As we will discuss, Brown further argues that the legislative history of section 1170.95 supports her interpretation. She does so in part by citing language in the legislative history that tracks the language of section 1170.95, subdivision (a)(2) that we have highlighted. This language in the legislative history is no more persuasive than it is as part of the statute, for the same reasons that we have stated here.

Because the language of section 1170.95 is unambiguous, we need not address Brown's other arguments, such as about its legislative history. Nonetheless, as we noted in Paige, "[e]ven having concluded the statutory language is unambiguous, we may nonetheless consult legislative history to ' "determine whether the literal meaning of a statute comports with its purpose." ' " (Paige, supra, 51 Cal.App.5th at p. 202.) Therefore, we will briefly address her other arguments.

Brown indicates that she is aware of this court's decision in Paige and Cervantes, as well as the line of adverse cases "emanating" from Cervantes. Nonetheless, she "maintains hope that the California Supreme Court's upcoming decision in People v. Lopez (2019) 38 Cal.App.5th 1087 (rev. granted Nov. 13, 2019, S258175), which addresses whether Senate Bill No. 1437 is applicable to attempted murder, will provide support for Brown's argument here." She does not explain the basis for her hope, however, other than to argue against our construction of section 1170.95 in Paige. The Supreme Court's grant of review of Lopez does not indicate we should reconsider our own precedent.

B. Its Legislative History Confirms that Section 1170.95 Does Not Apply to Voluntary Manslaughter Convictions.

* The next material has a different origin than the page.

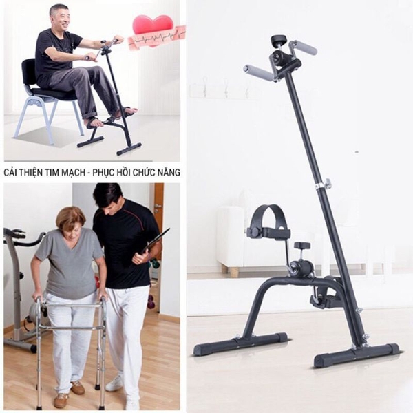 - Chức năng 1: Bộ phận đạp xe để tập mạnh cơ 2 chân, có nút điều chỉnh lực nặng, nhẹ cho phù hợp với sức cơ của từng người bệnh. Hai bàn chân được để trên 2 chiếc guốc có quai buộc vững chắc giúp người bệnh tập luyện dễ dàng.
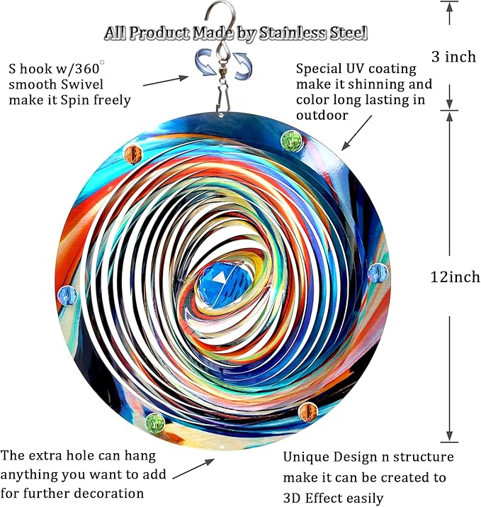 - 【Vivid reflective color】wind spinners are individually hand painted by epoxy protective coating with colorful sparkle powder inside to highly resist weather and rust. -Meanwhile,the reflective colorful glitter material gives off a sparkling, captivating and magical 3D visual effect, its beautiful light reflecting and attractive view whatever in night or day, wherever room or garden.

Brown next argues that the legislative history of section 1170.95 supports her interpretation, relying heavily on the legislative declaration that "[t]here is a need for statutory changes to more equitably sentence offenders in accordance with their involvement in homicides." (Stats. 2018, ch. 1015, § 1, subd. (b), italics added.) According to Brown, this language indicates that, while the primary focus of section 1170.95 is on those convicted of murder, the statute is not limited to those persons.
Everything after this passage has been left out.